H. Lundbeck is tapping into IBM Watson Health’s cognitive and knowledge-based health data analytics platform to speed the discovery and development of treatments for psychiatric and neurological disorders, including schizophrenia and Parkinson’s disease. The collaboration aims to combine Lundbeck’s knowhow in the field of neurological and psychiatric disease therapy with the IBM Watson platform to derive information from clinical data through the Watson Health Cloud.

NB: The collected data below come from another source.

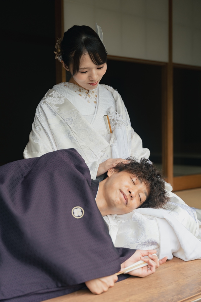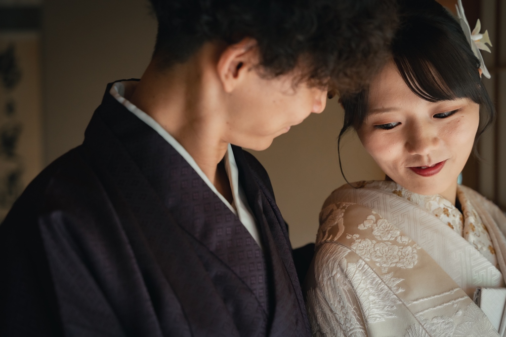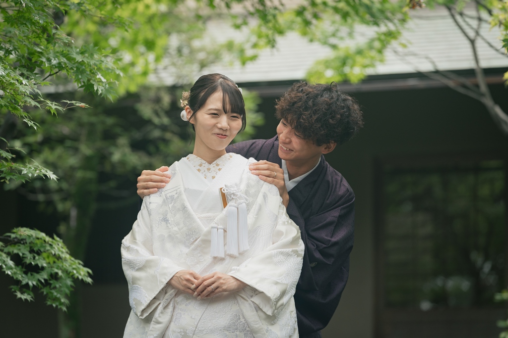撮影中、光と影が織りなす一瞬一瞬、風に揺れる樹々や季節の香りまでもが、お二人の思い出として写真に刻まれています。お二人が選ばれた和装は、ただ美しいだけでなく、お互いの想いと、人生の新たな一歩を象徴するものでもあります。その特別な日を、私たちにお手伝いさせていただけたことを心より光栄に思います。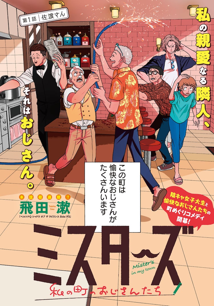 飛田漱の新連載「ミスターズ ~私の町のおじさんたち~」が、本日9月26日発売のモーニング、Dモーニング43号(講談社)にてスタートした。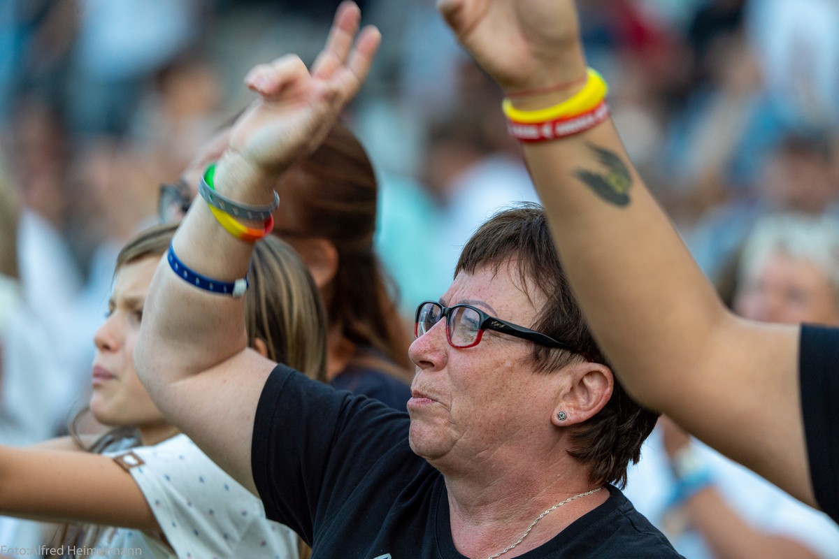 Openair Andrea Berg Aspach Das besondere Heimspiel, 17. Juli Wieder durften 2000 Fans Andrea auf der Bühne im Stadion der "Wir machen Druck" Arena bei sommerlichen Temperaturen feiern und für zwei Stunden den Alltag vergessen und trotzdem waren die Gedanken bei den Opfern der Flutkatastrophe, auch bei Andrea. |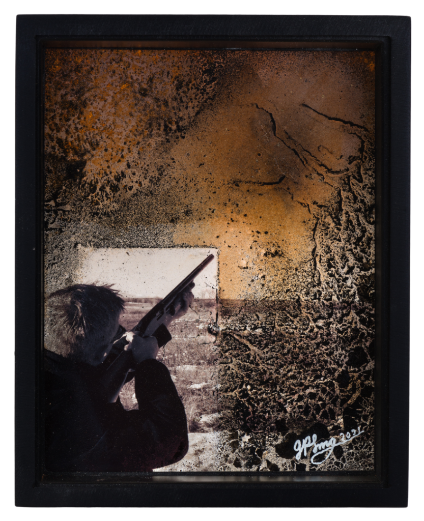 Boy, Iron Byproduct, Carbon and Sumi Ink on Photo Paper, 9 x 11 x 2 inch, 2021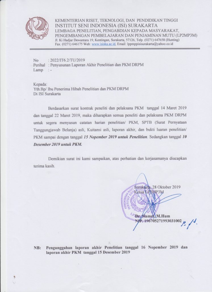 Category: PengumumanBy LPPM ISI SurakartaOctober 28, 2019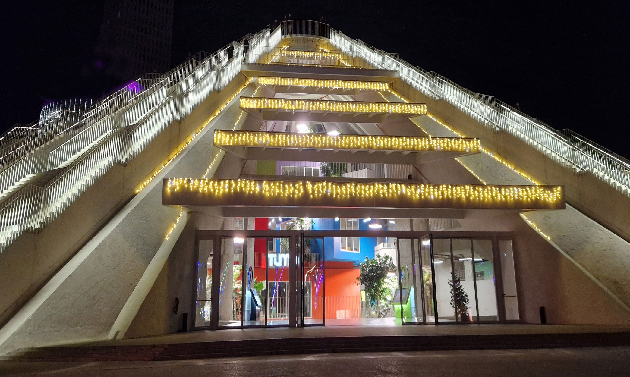 Además, se integró un conjunto de módulos y cajas de colores destinados a albergar talleres, estudios, cafeterías, incubadoras de empresas y aulas para programas educativos gratuitos orientados a la juventud albanesa, especialmente en áreas tecnológicas. Con esta transformación, la Pirámide dejó de ser un monumento estático para convertirse en un centro cultural dinámico, un parque urbano y un símbolo de renovación.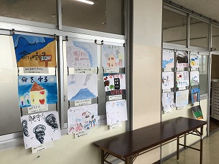 1年生は「たいせつボックス」の作品作りをしています。宝箱のデザインはそれぞれ個性があって素敵です。4年生の掲示は防災の学習をした時に「災害から命を守る」をテーマにポスターを描いたものです。学習したことが活かされています。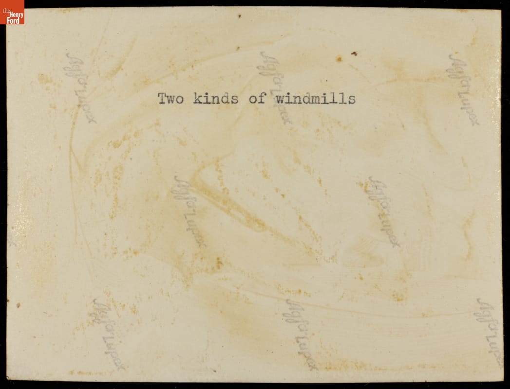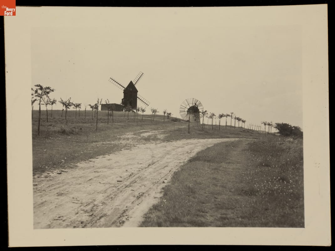 In 1913, Henry Ford established Ford Motor Company's photographic department. Though few internal records describe company photography, remaining photographs reveal a wide range of departmental activity. Over nearly 100 years, Ford photographers documented company ventures, personal affairs, and daily life around the world. This photograph shows a couple of windmills near a dirt road in an unidentified location.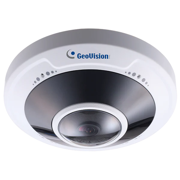 The GeoVision 84-FER572W-0010 is a compact 5MP fisheye IP camera featuring a 1/2.8" progressive CMOS sensor delivering 2592x1944 resolution at 30fps with true 180° panoramic field of view (horizontal, vertical, and diagonal) via its 1.4mm fixed lens (F2.0). With Super Low Lux technology achieving 0.01 lux minimum illumination in color and three IR LEDs providing 20m night vision, it captures comprehensive 360° coverage in extreme low-light conditions. WDR Pro (120dB) and 55dB S/N ratio ensure clear imaging across the entire scene. Housed in an IK10 vandal-resistant metal casing with IP66 weatherproof rating, it operates reliably from -30°C to 60°C. The camera supports triple-streaming H.265/H.264/MJPEG compression with up to 20 simultaneous streams and 40 Mbps throughput. Two-way audio, digital I/O, and edge storage up to 512GB provide robust functionality. Fully ONVIF Profile G/S/T compliant, it integrates seamlessly with GV-VMS, GV-Recording Server, and GV-Eye mobile app for comprehensive 180° fisheye surveillance coverage in indoor and outdoor applications.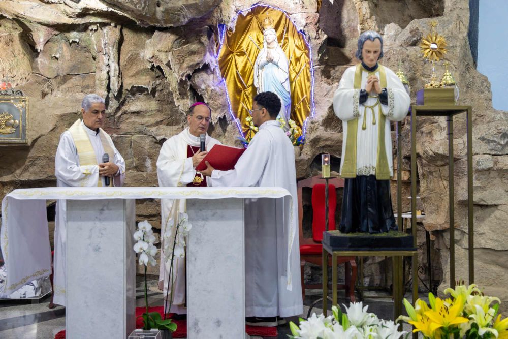 Um expressivo número de fiéis das cinco comunidades que compõem a paróquia — Nossa Senhora de Lourdes, Nossa Senhora do Perpétuo Socorro, São José Operário, Santa Helena e Jesus Bom Pastor — reuniu-se na igreja matriz para celebrar e acolher a visita de Dom Valdir com alegria. A missa votiva, realizada mensalmente, marcou um momento especial na preparação para o centenário da canonização de São João Maria Vianney, que foi declarado santo pelo Papa Pio XI em 31 de maio de 1925. Sua vida continua a ser uma inspiração para toda a comunidade.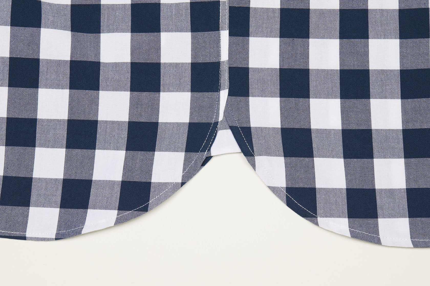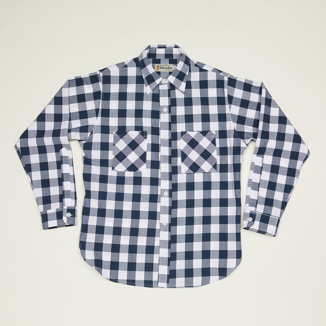 Regular collar work shirt made of 100% cotton yarn dyed plaid. Plain style from the work shirts in the 50s with regular collar and simple double front pockets. Ordinary casual is the concept behind this 50s work shirts. French seam is used for construction. Gusset are used at both side seam.

The collaboration will also enable Lundbeck to use IBM Watson technologies across its own clinical data and other data and harness the IBM Watson platform to enable a knowledge-driven approach that it maintains will support the identification of new drug targets and drug indications. The work will initially focus on deriving new understanding and potential treatments in the areas of schizophrenia and Parkinson’s disease.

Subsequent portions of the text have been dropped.